Adverse experiences happen to everyone, but people who have never struggled with depression are able to bounce back from them much more easily than people who have a history of depression. This is due to a lack of emotional regulation in people who have been depressed previously, which hints toward a need to understand and bolster emotional regulation skills in this population.

Humor is a widely known positive emotional regulation strategy that previous research has shown can alleviate negative outcomes. Humor comes in different types with some humor being based in stress (i.e., making jokes about the stressor) and some humor distracting from stress (i.e., making jokes that are off topic). This study aims to understand the effects of each of those types of humor on improving negative emotions for people with remitted depression.

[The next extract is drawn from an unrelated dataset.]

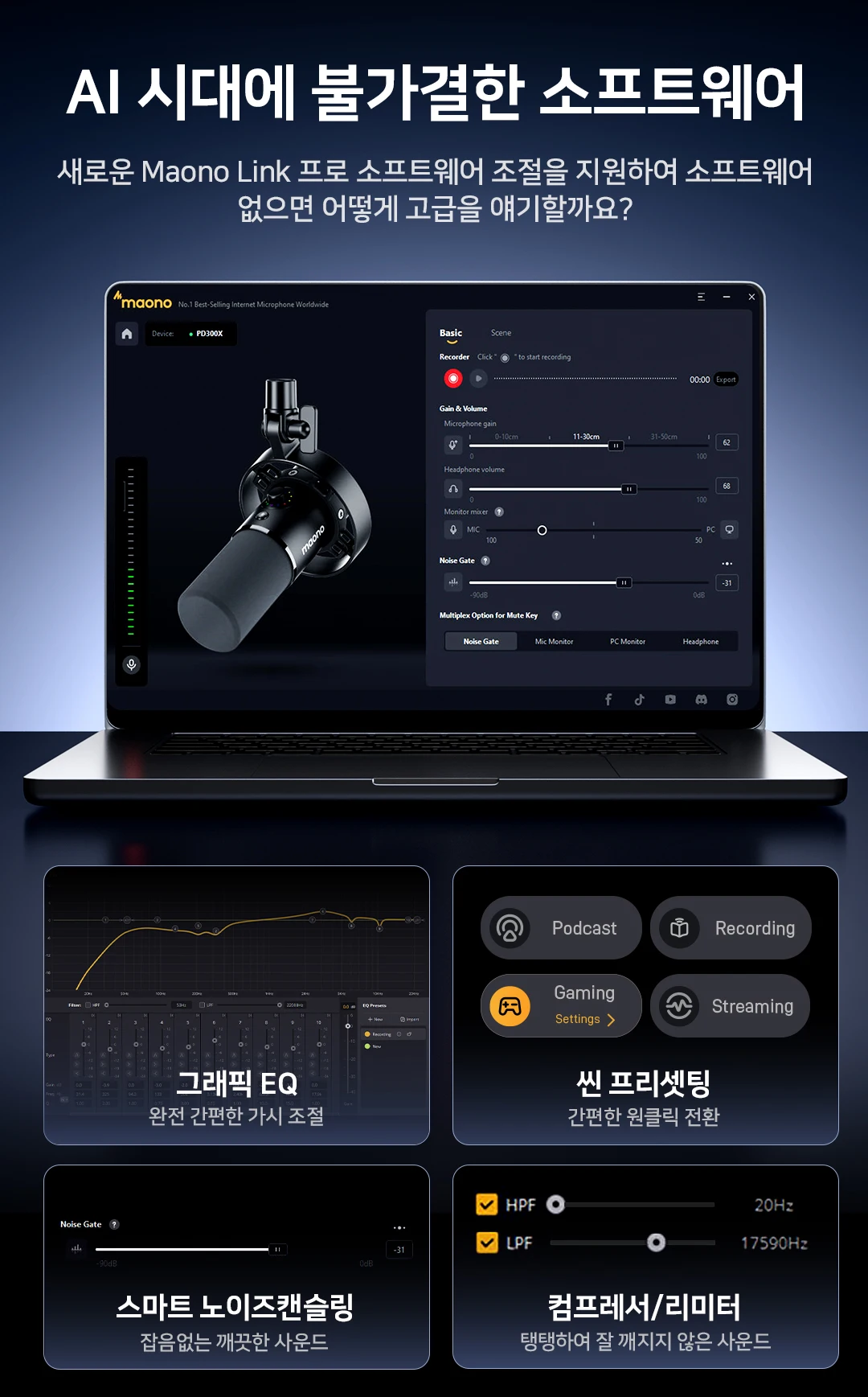 적인 오디오 당신만을 위한 다양한 리미터 및 하이패스 필터가 포함된 MAONO Link를 통해 유연하고 효율적인 작업 흐름을 즐겨보세요 시각적 EQ 조정 인터페이스를 통해 사운드 튜닝이 간단해졌습니다 매개변수를 하여 자신만의 사운드를 발견하고 자신만의 스타일로 팟 트를 만들 수 화된 톤을 얻기 위해 다른 미세 조정을

Study author Anna Braniecka and her colleagues recruited their sample from outpatient psychiatric clinics. Their final sample consisted of 94 participants, 65 women and 29 men, with an age range of 18 to 65. All participants had to have remitted depression. Participants were randomly assigned into three groups: stress-related humor, stress-unrelated humor, and non-humorous regulation (control).

For this study, the subjects arrived at the lab in-person and completed self-report measures on emotions and then encouraged to share about their own stressful situations. In the stress-related condition, participants wrote down what they feared and then answered a series of questions until the outcome was ridiculous. For stress-unrelated, the humorous scenario involved an unknown fictional person. The control participants identified positive and negative parts of the scenario.

All participants answered questions and then had a delay period where they watched a nature video. After this, they answered more questions about the video and about how much they thought about their stressful situation during the video.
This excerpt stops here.